In the records below, find the line containing "Red Bull’s Max" and repeat it and every line after it exactly, without pictures.

RECORDS TO PROCESS below:

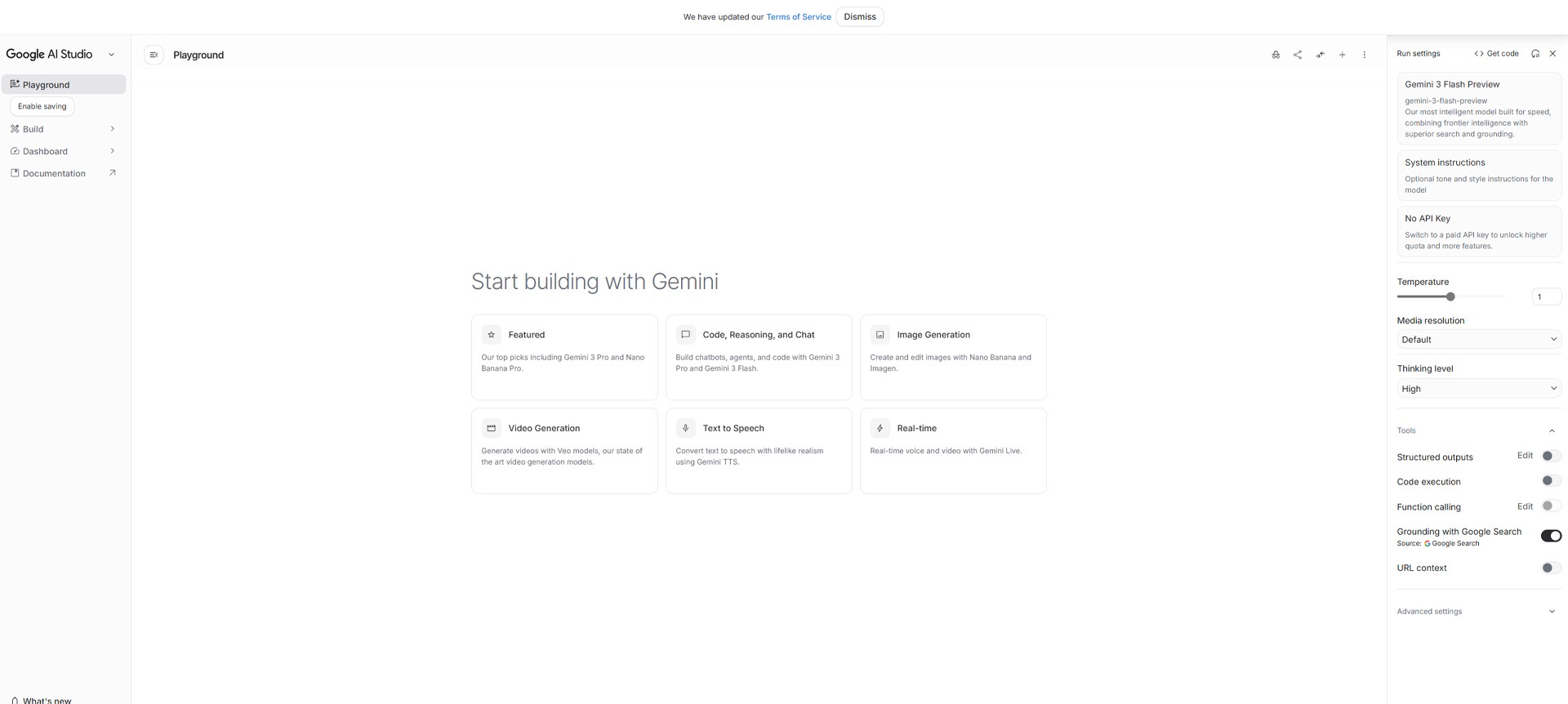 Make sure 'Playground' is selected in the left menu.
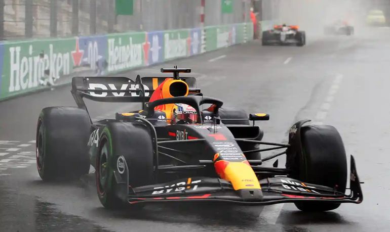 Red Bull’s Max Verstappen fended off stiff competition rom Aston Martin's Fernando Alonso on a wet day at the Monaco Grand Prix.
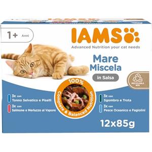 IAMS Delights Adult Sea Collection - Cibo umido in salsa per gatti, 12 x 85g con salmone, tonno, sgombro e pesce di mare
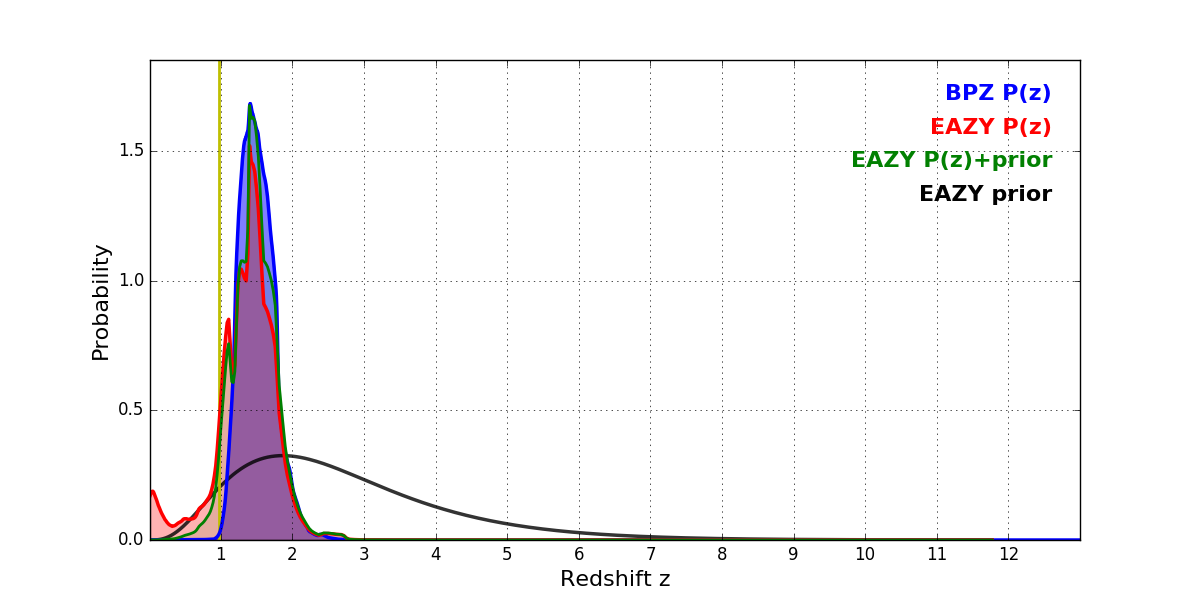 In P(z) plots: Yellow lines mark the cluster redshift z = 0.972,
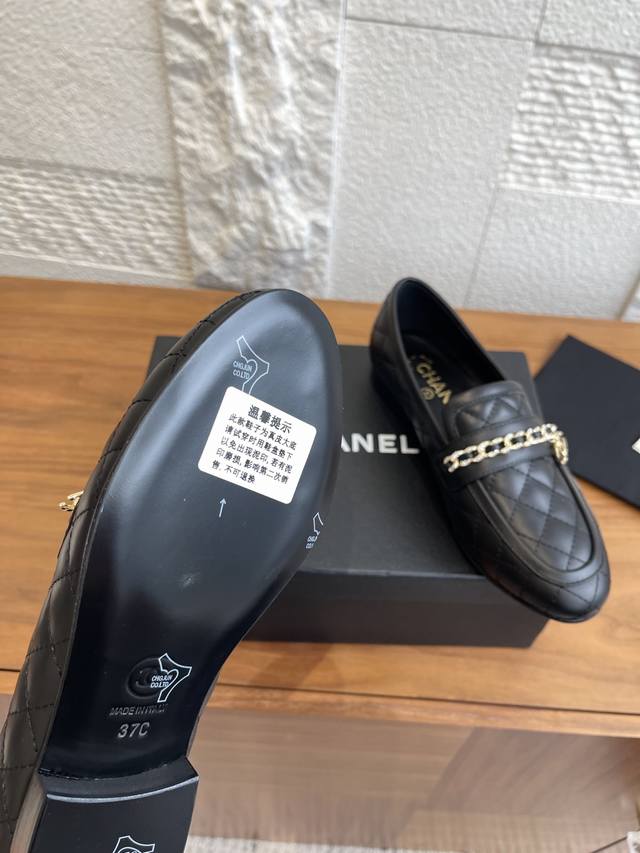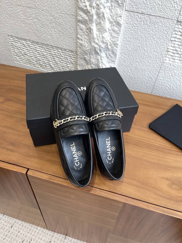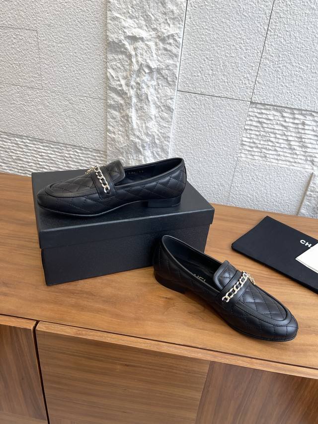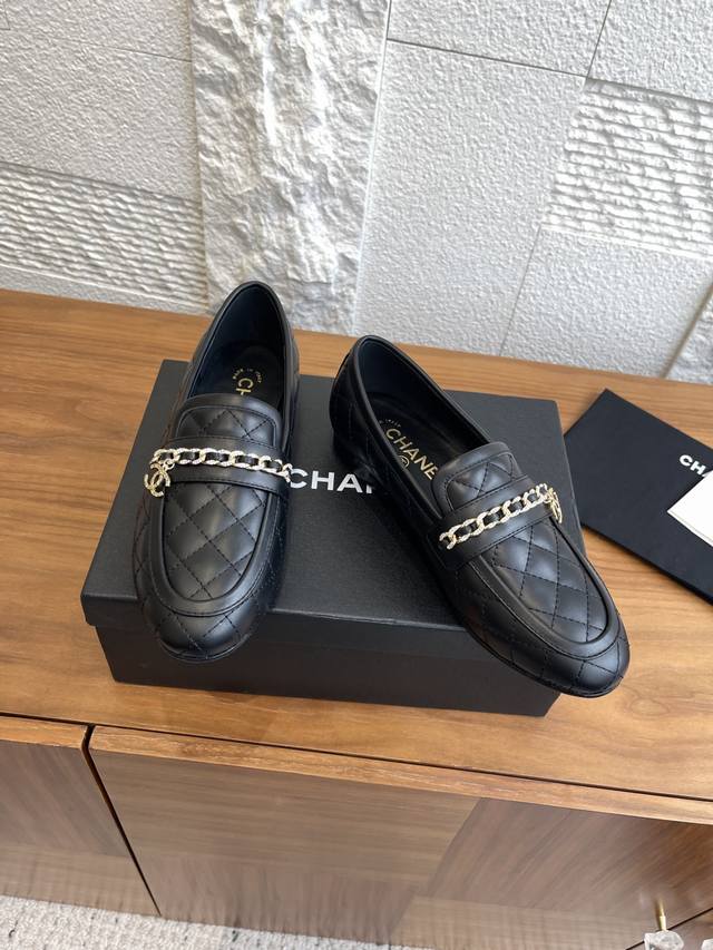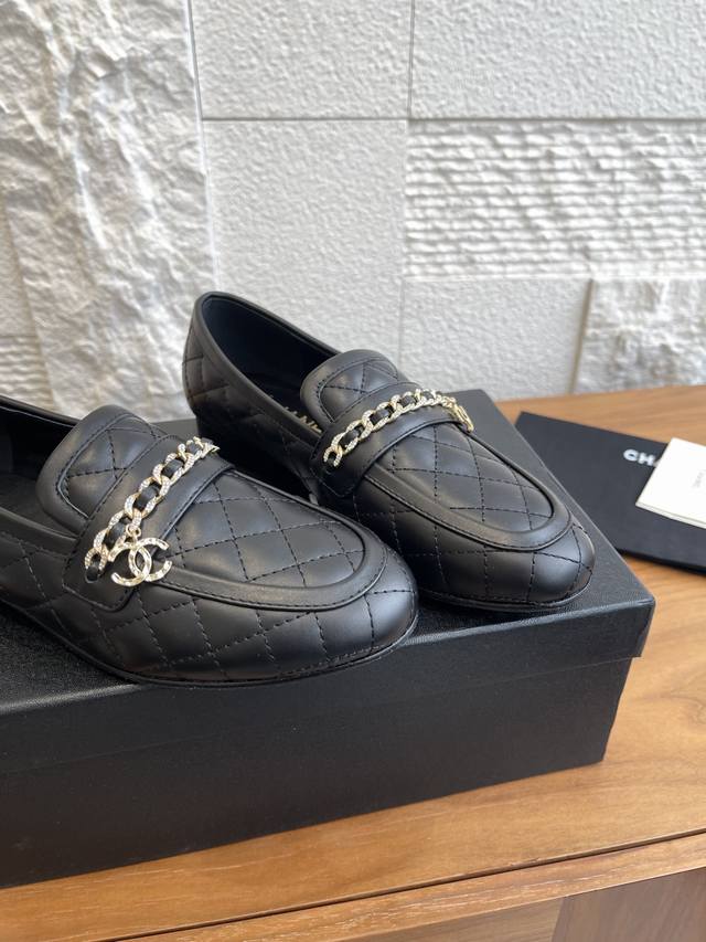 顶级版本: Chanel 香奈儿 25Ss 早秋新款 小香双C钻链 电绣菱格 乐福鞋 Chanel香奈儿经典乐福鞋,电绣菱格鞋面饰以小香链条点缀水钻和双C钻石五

End of RECORDS TO PROCESS.

**ANSWER TO THIS EXERCISE:**
 Red Bull’s Max Verstappen fended off stiff competition rom Aston Martin's Fernando Alonso on a wet day at the Monaco Grand Prix.
 IAMS Delights Adult Sea Collection - Cibo umido in salsa per gatti, 12 x 85g con salmone, tonno, sgombro e pesce di mare
 In P(z) plots: Yellow lines mark the cluster redshift z = 0.972,
 顶级版本: Chanel 香奈儿 25Ss 早秋新款 小香双C钻链 电绣菱格 乐福鞋 Chanel香奈儿经典乐福鞋,电绣菱格鞋面饰以小香链条点缀水钻和双C钻石五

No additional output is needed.